If You’re a Business Decision-Maker
Three things to watch:
- Developer productivity is about to jump again. Speed improvements compound — faster iteration means more experiments, faster shipping.
- Cost pressure is coming down. Cerebras inference, AMD competition, and custom chips all push prices lower.

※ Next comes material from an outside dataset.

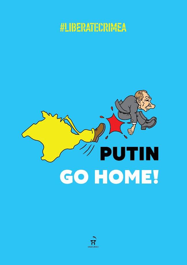 Сабж освоил мову потому перевожу: Я как глава администрации стратегического района, от которого зависит целостность всей Украины хотел передать бы всем кто там в Крыму накапливает ядерное оружие, боевую технику против украинского народа. Против Европы. И это показано на плакатах: они на нас оружием, а мы им отвечаем желто-голубым кулаком. Они на нас оружием, а мы отвечаем кровавой ладонью.. На этих плакатах мы видим такие надписи: "Путин геть додому". Так вот сегодня в планах Путина посетить полуостров Крым (дело происходит 18 марта), чтобы возгордится своим достижениями. И мы с пункта пропуска "Чонгар" передаем вам пан Путин всей украинской общественностью те слова, которые Андрей Ярмоленко (автор плакатов) уже пронес через все пункты пропуска с оккупированными территориями. Путин убирайтесь домой, ваш дом не Крым, ваш дом Российская Федерация. Чем больше вы будете посягать на Украину, тем скорее придет распад всей России.

- The coding agent market is consolidating. OpenAI, Anthropic, and Google are all building full coding agent ecosystems. Pick one and go deep rather than spreading across three.
What to Do Next
-
If you have ChatGPT Pro: Try Codex-Spark in VS Code today. Use it for interactive tasks; keep full Codex for complex refactors. The speed difference will change how you work.
-
If you’re evaluating coding tools: Compare Spark’s real-time speed against Claude Code and Cursor. Speed isn’t everything — code quality and context understanding matter too. Run the same task on each and time it.
-
If you’re planning infrastructure: Watch the Cerebras partnership closely. If OpenAI rolls these speed improvements to all models (they said they will), expect API latency to drop significantly in Q2 2026. Plan your integrations accordingly.
This article was published on February 17, 2026. OpenAI’s Codex-Spark is in Research Preview and rate limits may change. We’ll update this article as general availability expands.